Programmschiene

Conrad Veidt

CONRAD VEIDT
DÄMON, TEUFEL, HELD, GENIE

Retrospektive von 11. Jänner bis 28. Februar 2018

 

»Seit Jahren […] habe ich nicht so aufmerksam im Kino gesessen wie beim CABINET DES DR. CALIGARI.«, schreibt Kurt Tucholsky in einem Text für Die Weltbühne: »Veidt stelzt dünn und nicht von dieser Erde durch seine wirre Welt: einmal ein herrlicher Augenaufschlag, einmal wie von Kubin, schwarz und schattenhaft und ganz lang an einer Mauer hingespensternd.« Mit seiner Rolle als somnambuler Cesare, der unfreiwillig zum Mörder wird, gelingt dem in Berlin geborenen Connie (wie er liebevoll von Publikum wie Freunden genannt wurde) Veidt der große Durchbruch in seiner noch jungen Karriere.
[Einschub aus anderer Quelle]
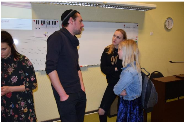
Latvijas skolas somas aktivitāte 8. klasēm „Kas ir teātris?”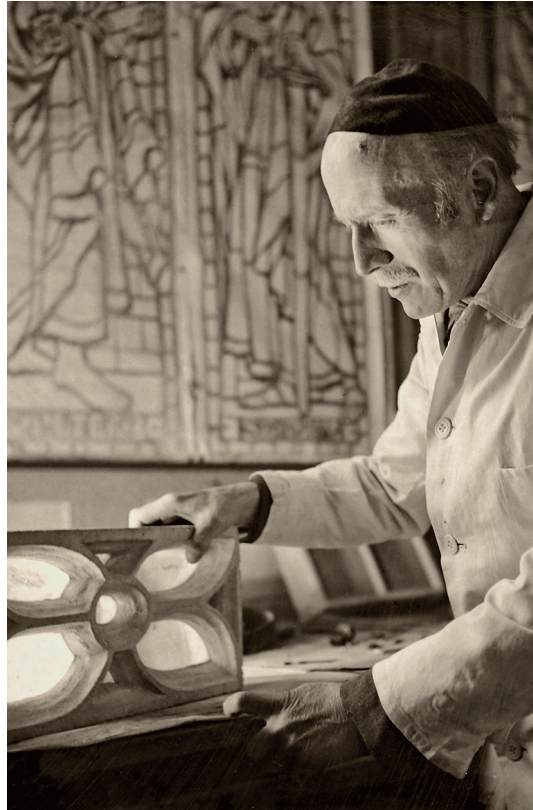
◀ Richard Arthur Nüscheler (1877–1950) in seinem Atelier, der alten Kirche Boswil: Die Kirche als Raum und Objekt stand zeitlebens im Zentrum seines künstlerischen Schaffens.

Zum 125. Geburtstag (oder auch: 75 Jahre nach seinem Tod) spürt das Filmarchiv Austria einem DER großen Filmschauspieler des 20. Jahrhunderts nach.

Die Karriere des unrühmlichen Schulabbrechers begann bereits vor den Wirren des Ersten Weltkriegs, als er unter Max Reinhardt am Deutschen Theater in Kleinrollen auftritt. Nach 1918 wendet er sich dem Kino zu, spielt unter Richard Oswald und Robert Reinert in populären Sitten- und Aufklärungsfilmen. Nach seinem Erfolg in Robert Wienes CALIGARI-Film gibt es kein Halten mehr. Veidt wird auf Rollen als Dämon oder Bösewicht festgelegt. Bald schon ruft Hollywood nach dem privat alles andere als sinisteren Schauspieler. In Folge des beginnenden Tonfilmzeitalters und seines Akzents wegen kehrt er wieder nach Deutschland zurück, das er nach der Machtübernahme der Nazis endgültig Richtung England und USA verlassen muss, wo noch einige seiner memorabelsten Leinwandauftritte entstehen und er schließlich an der Seite von Humphrey Bogart und Ingrid Bergman in CASABLANCA landet. Veidt stirbt am 3. April 1943 während eines Golfspiels an einem Gehirnschlag. Er wird nur 50 Jahre alt. Erich Pommer: »Schwer zu entscheiden, was an ihm mehr zu bewundern war: sein Künstlertum oder seine Menschlichkeit.« (Florian Widegger)

In knapp 40 Spielfilmen zeigt das Filmarchiv Austria Conrad Veidts beeindruckende Entwicklung vom Stummfilm zum Tonfilm, vom Expressionismus zur Neuen Sachlichkeit, vom Schurken hin zum Charakterdarsteller.